Bunuel wrote:
If x and n are integers such that x = 1^2 + 2^2 + 3^2 + . . . + n^2, what is the remainder when x is divided by 5?
(1) n is an even integer with a units digit less than 6.
(2) The units digit of n is 2.
(1) n=10 -----> 1 + 4 + 9 + 6 + 5 + 6 + 9 + 4 + 1 + 0 = 1 - 1 - 1 + 1 + 0 +1 - 1 - 1 + 1 + 0 = 0
n=20 -----> pattern repeats 2 times 0 + 0 = 0
...
n=2 ---> 1 + 4 = 5
n=12 ----> 0 + 0 = 0
...
n=4 ----> 1 + 4 + 9 + 6 = 1 - 1 - 1 + 1 = 0
n=14 -----> 0 + 0 = 0
...
Sufficient
(2) Single case from previous example.

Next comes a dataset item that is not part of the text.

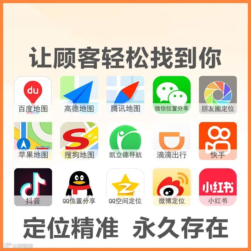 全网地图平台:百度地图、高德地图、腾讯地图、微信地图、苹果地图、搜狗地图、360地图、Google地图、手机APP地图、微博地图、抖音地图、快手地图、火山地图、西瓜视频、小红书、美团外卖位置信息;

Sufficient.
Answer D
Another approach:
\(1^2 + 2^2 + 3^2 + 4^2 + 5^2 + 6^2 + 7^2 + 8^2 + 9^2 + 10^2 + 11^2 + 12^2 + ... =\)

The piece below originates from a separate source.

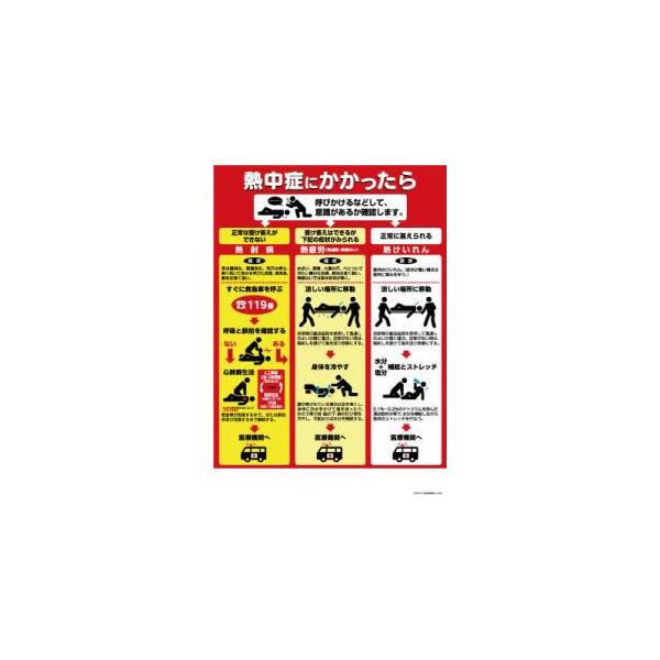 - 【取寄品 出荷:約2−6日 土日祝除く】●熱中症の症状と救急措置を明記した汎用ポスターです。

\(= 1^2 + 2^2 + 3^2 + 4^2 + 5^2 + 6^2 + 7^2 + 8^2 + 9^2 + 0^2 + 1^2 + 2^2 + ... =\)
\(= 1^2 + 2^2 + (-2)^2 + (-1)^2 + 0^2 + 1^2 + 2^2 + (-2)^2 + 0^2 + 1^2 + 2^2 + ... =\)

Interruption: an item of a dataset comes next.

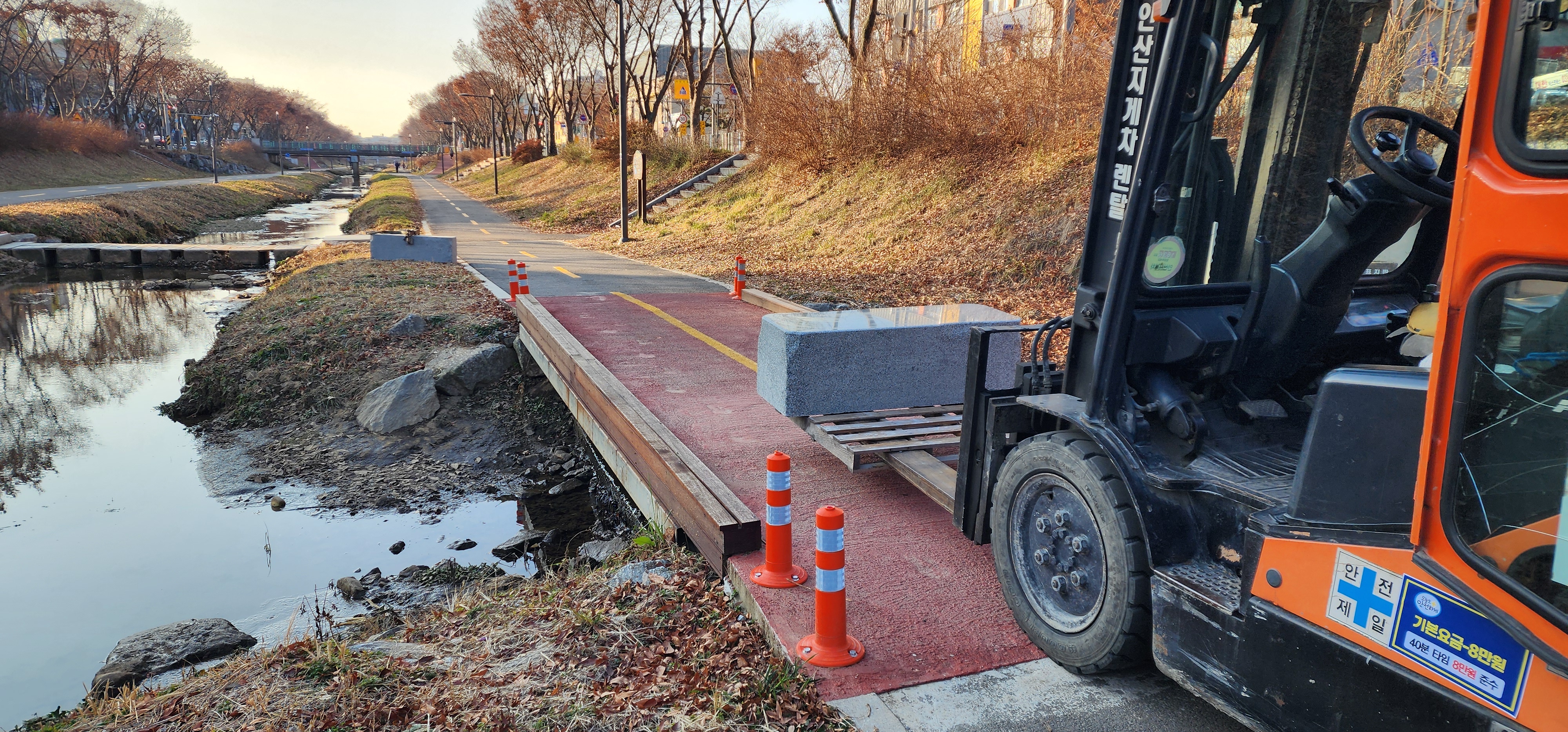 몇년전에 이곳 하천변에서 데크가 깔린 다리위를 지게차를 지나가다가

\(= 1 + 4 + 4 + 1 + 1 + 4 + 4 + 1 + 0 + 1 + 4 + 4 + 0 + 1 + 4 ... =\)
\(= 1 - 1 - 1 + 1 + 1 - 1 - 1 + 1 + 0 + 1 - 1 - 1 + 0 + 1 - 1 ...\)
Units digits 0, 2 and 4 will give us clusters of 2, 4, 10
2 = 1 - 1 = 0
4 = 1 - 1 - 1 + 1 = 0
10 = 1 - 1 - 1 + 1 + 1 - 1 - 1 + 1 + 0 = 0
All the rest is just a combination of previous three.